Most of the commands below are available from the clustershell diag privilege level (::> set d); and a lot of the others via the systemshell (%).

::> set d
::*> sec login unlock diag
::*> sec login password diag
::*> systemshell -node NODENAME
%

To get a new clustershell from systemshell

% ngsh
::*> exit
%

Note: If you log into the console as diag it takes you to the systemshell.

Cluster Health Basics

::*> cluster show
::*> cluster ring show

Effect of the following replicated database (RDB) applications not running

mgwd … there is no clustershell
vifmgr … you cannot manage networking
vldb … you cannot create volumes
bcomd … you cannot manage SAN data access

Moving Epsilon

::*> system node modify -node OLDNODEwEPSILON -epsilon false
::*> system node modify -node NEWNODEwEPSILON -epsilon true

You have to set the original to false and the new owner to true. If try to set the new owner to true without first setting the original to false you get this error:
Error: command failed: Could not change epsilon of specified node: SL_EPSILON_ERROR (code 36). Epsilon manipulation error: The epsilon must be assigned to at most one eligible node, and it is required for a single node cluster. In two node cluster HA configurations epsilon cannot be assigned.

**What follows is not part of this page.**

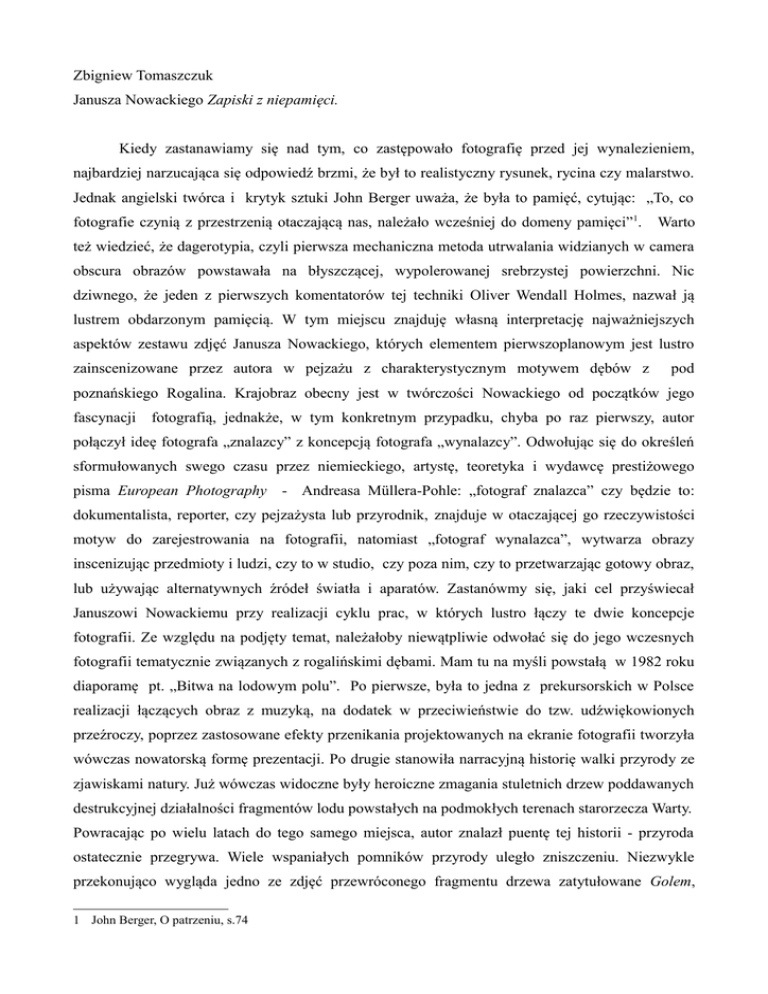 Zbigniew Tomaszczuk Janusza Nowackiego Zapiski z niepamięci. Kiedy zastanawiamy się nad tym, co zastępowało fotografię przed jej wynalezieniem, najbardziej narzucająca się odpowiedź brzmi, że był to realistyczny rysunek, rycina czy malarstwo. Jednak angielski twórca i krytyk sztuki John Berger uważa, że była to pamięć, cytując: „To, co fotografie czynią z przestrzenią otaczającą nas, należało wcześniej do domeny pamięci” 1. Warto też wiedzieć, że dagerotypia, czyli pierwsza mechaniczna metoda utrwalania widzianych w camera obscura obrazów powstawała na błyszczącej, wypolerowanej srebrzystej powierzchni. Nic dziwnego, że jeden z pierwszych komentatorów tej techniki Oliver Wendall Holmes, nazwał ją lustrem obdarzonym pamięcią. W tym miejscu znajduję własną interpretację najważniejszych aspektów zestawu zdjęć Janusza Nowackiego, których elementem pierwszoplanowym jest lustro zainscenizowane przez autora w pejzażu z charakterystycznym motywem dębów z pod poznańskiego Rogalina. Krajobraz obecny jest w twórczości Nowackiego od początków jego fascynacji fotografią, jednakże, w tym konkretnym przypadku, chyba po raz pierwszy, autor połączył ideę fotografa „znalazcy” z koncepcją fotografa „wynalazcy”. Odwołując się do określeń sformułowanych swego czasu przez niemieckiego, artystę, teoretyka i wydawcę prestiżowego pisma European Photography - Andreasa Müllera-Pohle: „fotograf znalazca” czy będzie to: dokumentalista, reporter, czy pejzażysta lub przyrodnik, znajduje w otaczającej go rzeczywistości motyw do zarejestrowania na fotografii, natomiast „fotograf wynalazca”, wytwarza obrazy inscenizując przedmioty i ludzi, czy to w studio, czy poza nim, czy to przetwarzając gotowy obraz, lub używając alternatywnych źródeł światła i aparatów. Zastanówmy się, jaki cel przyświecał Januszowi Nowackiemu przy realizacji cyklu prac, w których lustro łączy te dwie koncepcje fotografii. Ze względu na podjęty temat, należałoby niewątpliwie odwołać się do jego wczesnych fotografii tematycznie związanych z rogalińskimi dębami. Mam tu na myśli powstałą w 1982 roku diaporamę pt. „Bitwa na lodowym polu”. Po pierwsze, była to jedna z prekursorskich w Polsce realizacji łączących obraz z muzyką, na dodatek w przeciwieństwie do tzw. udźwiękowionych przeźroczy, poprzez zastosowane efekty przenikania projektowanych na ekranie fotografii tworzyła wówczas nowatorską formę prezentacji. Po drugie stanowiła narracyjną historię walki przyrody ze zjawiskami natury. Już wówczas widoczne były heroiczne zmagania stuletnich drzew poddawanych destrukcyjnej działalności fragmentów lodu powstałych na podmokłych terenach starorzecza Warty. Powracając po wielu latach do tego samego miejsca, autor znalazł puentę tej historii - przyroda ostatecznie przegrywa. Wiele wspaniałych pomników przyrody uległo zniszczeniu. Niezwykle przekonująco wygląda jedno ze zdjęć przewróconego fragmentu drzewa zatytułowane Golem, 1 John Berger, O patrzeniu, s.74 (które kształtem przypomina ludzką postać) i to zarówno ze względu na zawartą w fotografii symbolikę, jak również ze względu na nasze przekonanie o tym, że jego biologiczne części powoli wnikną w życiodajną glebę, w przeciwieństwie do wielu wcześniejszych fragmentów drzew, którym nie było to dane, ponieważ zostały zabrane przez lokalną ludność na rozpałkę. Golem powróci do natury – nie stanie się łupem „kultury”. Ponieważ autor zderza fragmenty pejzażu z zainstalowanymi przez siebie lustrami spróbujmy opisać istniejące tu relacje pomiędzy fotografią a lustrem. Pomocne będą tu refleksje Steve Edwardsa zamieszczone w książce Fotografia, bardzo krótkie wprowadzenie (wyd. w Polsce w 2014r). Autor opisując fenomen fotografii odwołuje się, między innymi do przywołanej powyżej koncepcji „lustra z pamięcią” wskazując na zasadnicze różnice pomiędzy obrazem fotograficznym a obrazem widzianym w odbiciu lustrzanym. Kluczem staje się tu pojęcie odbicia, fotografia jako odbicie rzeczywistości i obraz odbity a czasami zwielokrotniony przez lustro. Metafora fotografii jako odbicia dotyczy możliwości zatrzymania obrazu w czasie, w przeciwieństwie do znikających obrazów z powierzchni lustra. W tym miejscu przypomina mi się refleksja polskiego artysty Jana Berdyszaka związana z jego koncepcją „prefotografii jako fotografii efemerycznej”. Pisał między innymi: „W naturze świata nie brakuje wody, błota, lodu, a także wilgotnych gałek oczu ludzi i zwierząt, które działają jak zwierciadła. Materie odbijające i ruchomo widziane kąty odbijania obrazu tworzą prefotografię – nie utrwalone obrazy efemeryczne.” 2 Sam artysta często budował obiekty tworzone z szyb odbijających otoczenie, wywołujące zjawisko fotografii efemerycznej, której istotną cechą było istnienie w czasie aktualnym. Trzymając się pojęcia odbicia należy zwrócić uwagę na to, że na zdjęciach Janusza Nowackiego zaistniało podwójne odbicie rzeczywistości. Samo lustro stało się też obrazem. Jednym z czynników, które pozwalają na traktowanie lustra jako obrazu a nie jako przedstawienia rzeczywistości, jest oczywiście ograniczająca je rama. Nowacki wykorzystuje fragmenty luster o różnym kształcie, które tworzą również swoistą estetykę tych fotografii. Tym samym chciałbym zwrócić uwagę, na istotną cechę nie tylko tych zdjęć, a właściwie całej twórczości autora. Jest nią niezwykle precyzyjna dbałość o kompozycję. Stając przed tymi fotografiami widz, ma świadomość zaistnienia konstrukcji zdyscyplinowanej, opartej na harmonii kształtów i form i właśnie forma wpisana w kadr fotografii, nadaje tu zdecydowany indywidualny wymiar, potwierdzając że jednym z elementów pozwalających traktować fotografię jako autonomiczną dyscyplinę sztuki, jest s

Note: Also remember the use of the below when a system is being taken down for prolonged maintenance -
::*> system node modify -node NODENAME -eligibility false

Types of Failover

::*> aggr show -fields ha-policy
ha-policy = cfo (cluster failover) for mroot aggregates
ha-policy = sfo (storage failover) for data aggregates
::*> storage failover giveback -ofnode NODENAME -only-cfo-aggregates true
The above only gives back the root aggregate!
::*> sto fail progress-table show -node NODENAME

Some LOADER Environment Stuff

Un-Muting Console Logs:
LOADER> setenv bootarg.init.console_muted false

Setting to boot as clustered:
LOADER> setenv bootarg.init.boot_clustered true

Configuring an interface for netboot:
LOADER> ifconfig e0a -addr=X.X.X.X -mask=X.X.X.X -gw=X.X.X.X -dns=X.X.X.X -domain=DNS_DOMAIN
LOADER> netboot http://X.X.X.X/netboot/kernel

Note: To see the boot loader environment variables in the clustershell or systemshell:
::*> debug kenv show
% kenv

To start a node without job manager (also see “User Space Processes” below):
LOADER> setenv bootarg.init.mgwd_jm_nostart true

For a list of job manager types

::*> job type show

Job Manager Troubleshooting

::*> job initstate show
::*> job show
::*> job schedule show
::*> job history show
::*> job store show -id JOB_UUID

% cat /mroot/etc/log/mlog/command-history.log
% cat /mroot/etc/cluster_config/mdb/mgwd/job_history_table
% cat /mroot/etc/log/mlog/jm-restart.log
% cat /mroot/etc/log/ems

To keep an eye on the “tail” of a log:
% tail -f LOGNAME
% tail -f /var/log/notifyd*

% tail -100 /mroot/etc/mlog/mgwd.log | more

Logs

Location:
/mroot/etc/log/mlog

Includes logs for:
Message, mgwd, secd, vifmgr, vldb, notifyd

::> event log show -severity emergency
::> event log show -severity alert
::> event log show -severity critical
::> event log show -severity error
::> event log show -severity warning
::> event log show -time "01/21/2014 09:00:00".."01/22/2014 09:00:00" -severity !informational,!notice,!debug

::*> debug log files show
::*> debug log show ?

Autosupport

Invoke autosupport:
::> system autosupport invoke -node * -type all

Autosupport trigger:
::*> system node autosupport trigger show -node NODENAME
::*> system node autosupport trigger modify -node NODENAME -?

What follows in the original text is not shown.